The wind that makes music in November corn is in a hurry. The stalks hum, the loose husks whisk skyward in half-playing swirls, and the wind hurries on... A tree tries to argue, bare limbs waving, but there is no detaining the wind. - Aldo Leopold
But “the brown weedy fields” Alvin Tresselt wrote of in his beautiful children’s book Autumn Harvest are themselves a legacy. Now, I cherish the dark sepia bark of the cottonwoods and faded fawns of the dying and dead sagebrush. All the kinds of brown chaff from what was once thriving are lovely in themselves. And the words for what we so often disparage as an ugly color! Beige and bister, tan and dust. Ochre. Ecru. Wood and mahogany. Copper, rust and bronze. Coffee. Ginger. Cinnamon. Chocolate! Even the colors are testaments to both things we savor and which pass as well as things which last.

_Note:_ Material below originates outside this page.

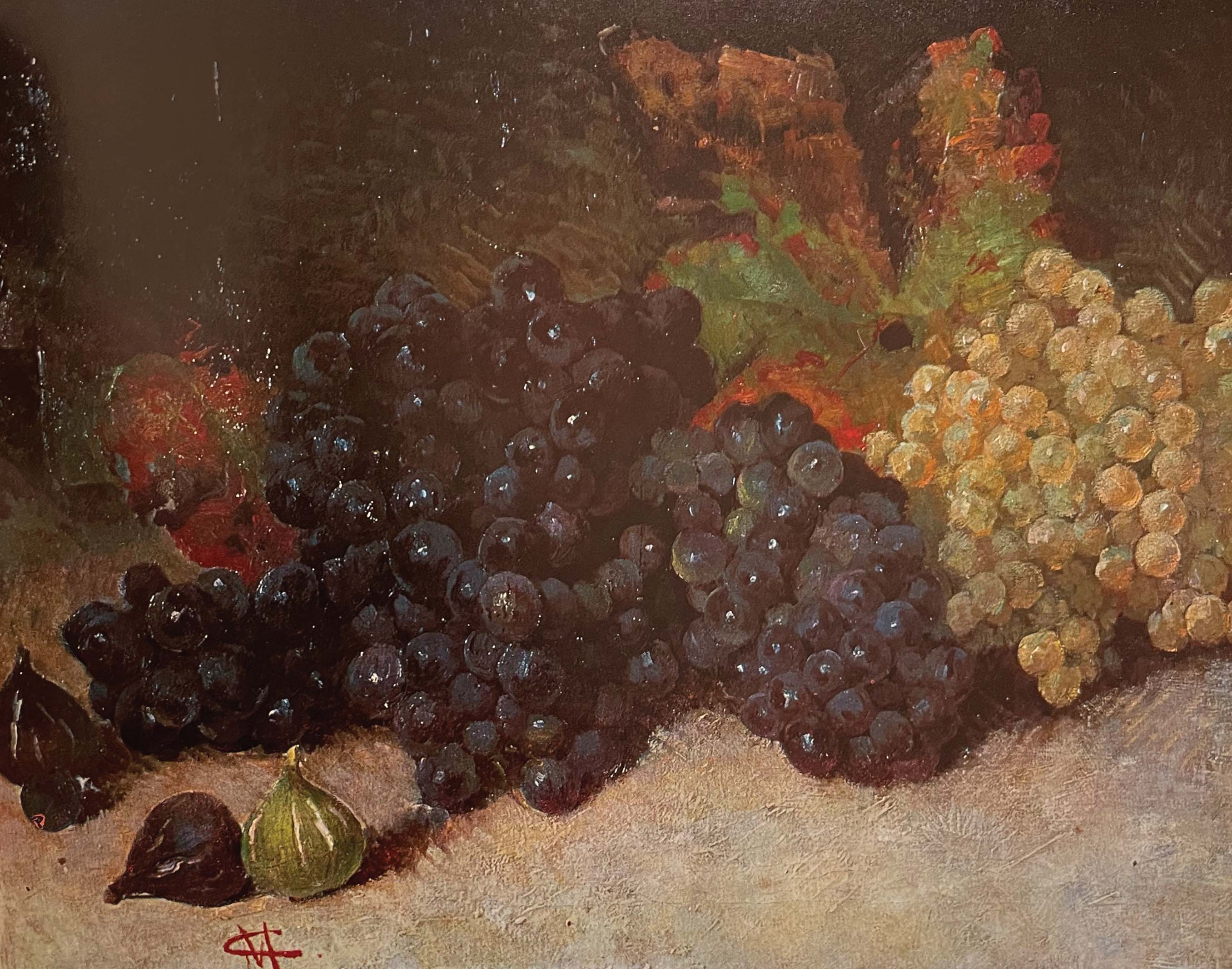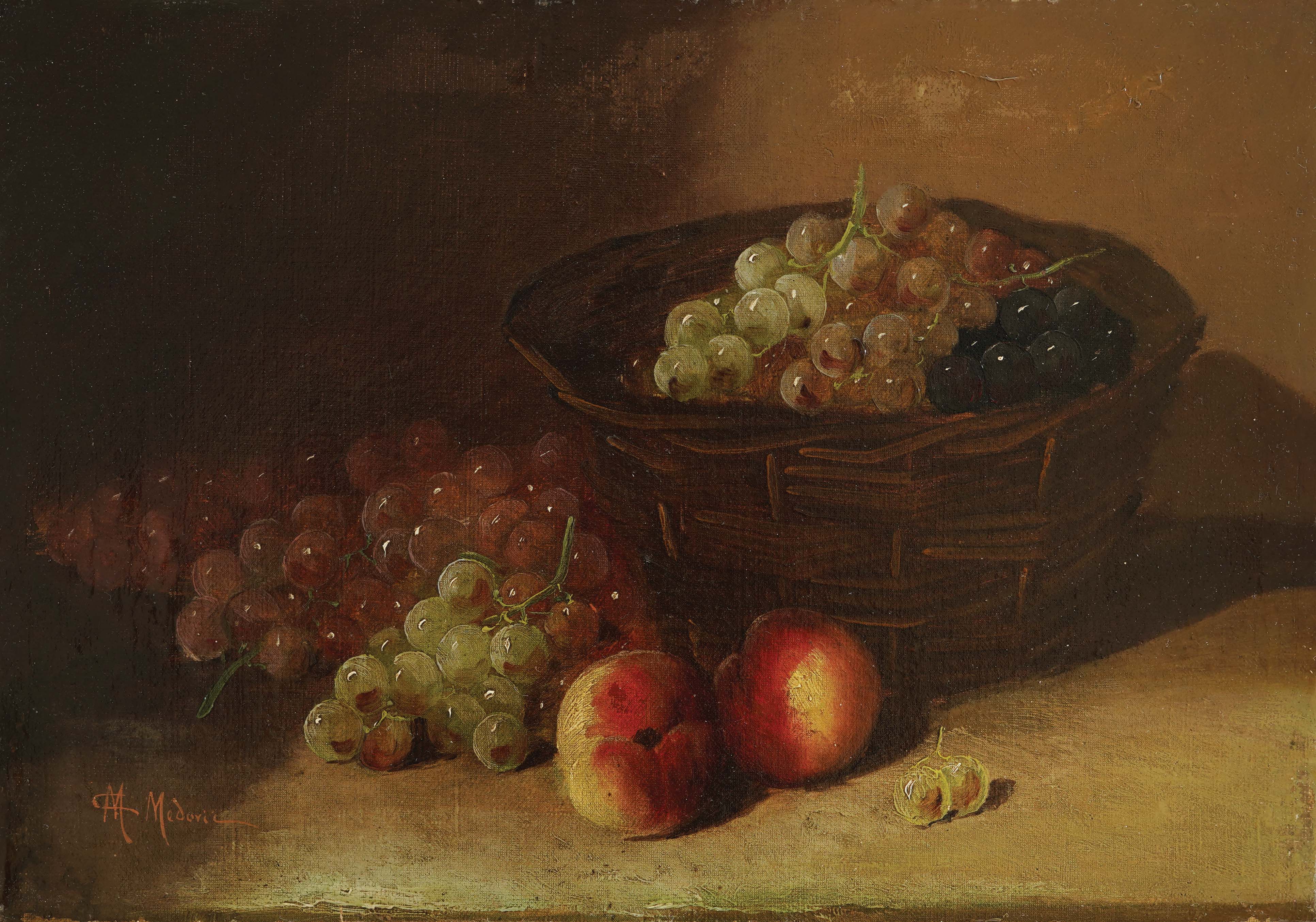 Slikar Mato Celestin Medović (Kuna, 1857. - Sarajevo, 1920.) jedan je od rodonačelnika i ključnih predstavnika slikarstva hrvatske Moderne. Kao mladić odlazi u Dubrovnik gdje se školuje te nešto kasnije i zaređuje u franjevačkom samostanu Male braće. Njegova se umjetnička karijera razvija postepeno te započinje izradom crteža. Prekretnica se u Medovićevu stvaralaštvu zbila 1879. godine, kada ga posjećuje budući bliski prijatelj Vlaho Bukovac i ohrabruje da počne slikati uljem na platnu. Ubrzo započinje studij slikarstva u rimskom samostanu San Isidoru, okupljalištu Nazarenaca, s kojima, međutim, ne uspijeva pronaći zajednički stilski jezik. Nakon više godina boravka u Italiji, tijekom kojih proučava i slikarstvo starih majstora, upisuje Münchensku akademiju i počinje slikati historijska djela većih dimenzija. Idućih godina Medović se povremeno vraća u rodnu Kunu, a zatim više od desetljeća provodi u Zagrebu te uz Bukovca usvaja plenerizam. Posljednjih dvanaest godina života pelješki se slikar, uz kraći boravak u Beču, vraća u svoj rodni kraj, što se odražava i u njegovim omiljenim slikarskim motivima tog razdoblja. Medovićev stilski razvoj ne prati uobičajenu faze slikarskog sazrijevanja. Intenzivnije se počinje baviti slikarstvom tek za vrijeme boravka u Rimu gdje, unatoč protivljenju nazarenskoj stilizaciji i akademskoj dosljednosti, slika uglavnom sakralne motive bez živih modela. Odlaskom na Münchensku akademiju kao tridesetogodišnjak, slikar se počinje oslobađati zastarjelih slikarskih pristupa i izrađuje svoje prvo afirmirano remek-djelo, Bakanal, koje će nagovijestiti njegove stilske mijene u nadolazećoj „zagrebačkoj fazi“. Tada, uz poneke portrete, uglavnom izvodi velike historijske kompozicije te se priklanja historicističkom akademizmu sa zamjetnim prodorima realizma i naturalizma. Boraveći i radeći u Bukovčevu atelijeru preuzima njegovu sklonost improvizaciji, temperamentan potez te snažniji i svjetliji kolorit. Tijekom posljednjeg desetljeća života Medović na Pelješcu više no prije slika u neposrednom kontaktu s prirodom. Ondje stvara plenerističke krajolike s mediteranskom vegetacijom okupanom svjetlošću ili morske pejzaže. Upravo se u ovom zrelom razdoblju sve više okreće i mrtvoj prirodi, slikajući plodove zemlje ili mora. Ovdje predstavljena slika Mrtva priroda spada u niz Medovićevih varijacija na motiv jesenjeg voća. Riječ je o nenametljivoj kompoziciji sastavljenoj od nekoliko svakodnevnih elemenata – plodova slikareva zavičaja okupanih zlatnom svjetlošću ranojesenjeg sunca. S par vidljivih poteza kistom Medović je vješto prikazao zaobljene zrele voćke i čvrstu pletenu košaru, ovlaš definirajući njihove oblike. Paleta boja je topla, no relativno suzdržana i smirena, pokrenuta samo titrajima vršnog svjetla na grožđu izvedenim uz pomoć točaka i crtica bijele pastozne boje. Slika je potpisana u donjem lijevom kutu, gdje se izduženi inicijali slikarevih imena preklapaju. Riječ je o tipičnom slikarevom potpisu koji je koristio u prvom desetljeću 20. stoljeća.

Jon and I have been enjoying a last-minute getaway to Sheridan, Wyoming, a town in northern Wyoming gently strung in the foothills of the Bighorn Mountains. It’s been a full and yet pausing time. Enjoying luscious coffee at the Hygge Hearth. Pondering western art and collections at the Brinton Museum and walking the grounds of the Quarter Circle A Ranch. Marveling at the architecture and century-old details at the Trail End Historic Site and appreciating the sunshine at the Kendrick Arboretum. Soaking in the rest and history of the Sheridan Inn.
Sure, this is a sell for tourism to yet another wonderful community gem in our home state (if you can, you really should go). It’s also given me time to embrace this brown November. Being in an unfamiliar place sometimes, like this, clarifies what’s beautiful. Being around old things, whether natural like the snow-capped Cloud Peak or manmade like much of what we saw today, makes me cherish our time—what we’ve experienced, what we have now, and what will come.
“Behold, the days come,” the Lord told Jeremiah, one of many times. The days keep on coming, sometimes bright and trumpeting joy, sometimes soft and still, sometimes shaken and scattered, lonely and bleak. They all are days given to and for us.
I hope you can treasure your November, too.